私は背中に冷たいものが流れるのを感じました。

「その証拠に、エルーシアの体から呪いが感じられたわ」


「呪いですか?」


「そうよ。そしてベルティンブルグの使用人の数名からも、貴女に呪いがかかるようにルーン文字が見つかったのよ」


「え?ルーン文字とは何ですか?」


「ルーン文字とは、呪術や儀式に用いられた神秘的な文字。

つまり、我々神が使う文字なの。そして、それを人間界で使うと呪術になるの」


「ええええええ。呪われて病気になったということですか?」


「その可能性が高いのよ。

証拠を残さないように、いいえ、私や兄のフレイにわからぬように、エルーシアに直接ではなく、市場やお店に買い出しに行った使用人にルーン文字を記入して、エルーシアに呪いと病気がうつるとルーン文字が消えるようにしていたのよ」


「もうなんて言うか、私暗殺されますって感じですね」


「そうね。
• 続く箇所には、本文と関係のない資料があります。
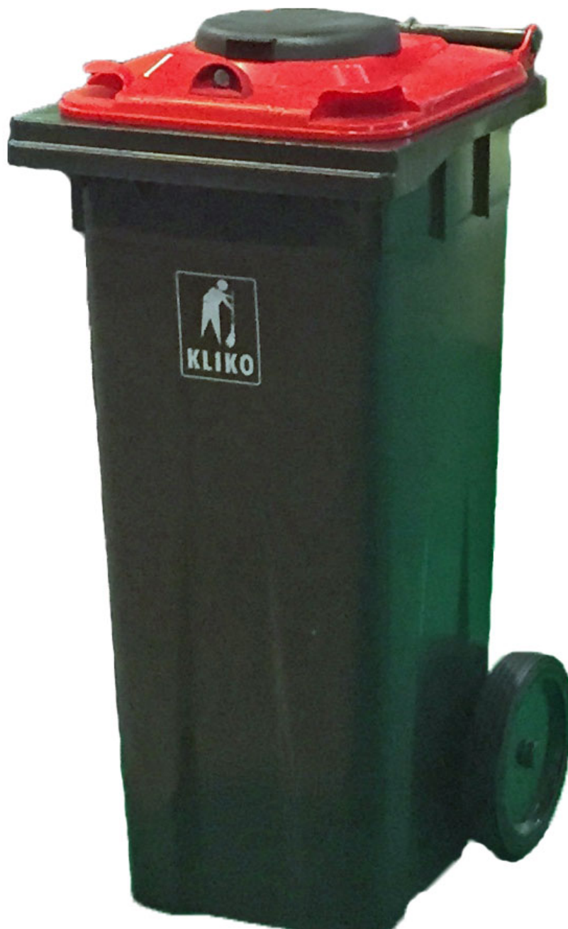
Avbildet 140L. Kan også leveres på 240L

Løsningen er også enkel å montere siden hullåpning og innfestingspunkter på beholder og lokk er forhåndsboret.

その使用人も流行病になって、今頃は高熱を出しているでしょう。

犯人のすごいところは、今回利用された使用人は、今後エルーシアと深い付き合いになっていく娘なのよ」


「因みに名前わかりますか? 」


「グイダという名前だったと思うわ」


「グイダ。そう言えばこの間咳き込んでいたわ。

大丈夫かしら?」


「グイダは、ルーン文字が消えていることもあり、呪いも無くなっているから死に至ることは無いと思うけれど、貴女がエルーシアに戻ったときに、魔法をかけて、病気を治してあげてね」


「それじゃあ、すぐに戻って魔法をかけてあげないと」

私は立ち上がりました。


「まって、陽菜。この世界に魂を連れてくるとその反動として三日間は、魂を戻す事が出来ないのよ」


「三日間も魂が抜けて、体は大丈夫なのですか?」


「いいえ。大丈夫かと言うよりも、大丈夫になるようにこの世界にきてもらったのよ。いま解呪をしている最中よ。

ちょっと待ちなさい」


「はーい」


「まあ三日間も、ここでぼーっとしているのも、暇でしょうから、下界 人間界を覗いてみる?」


「できることなら見たいです」


フレイヤ様は、腕をあげて、私にバチンとウインクしました。

すると、私の正面に、エルーシアが寝ている所を映し出しました。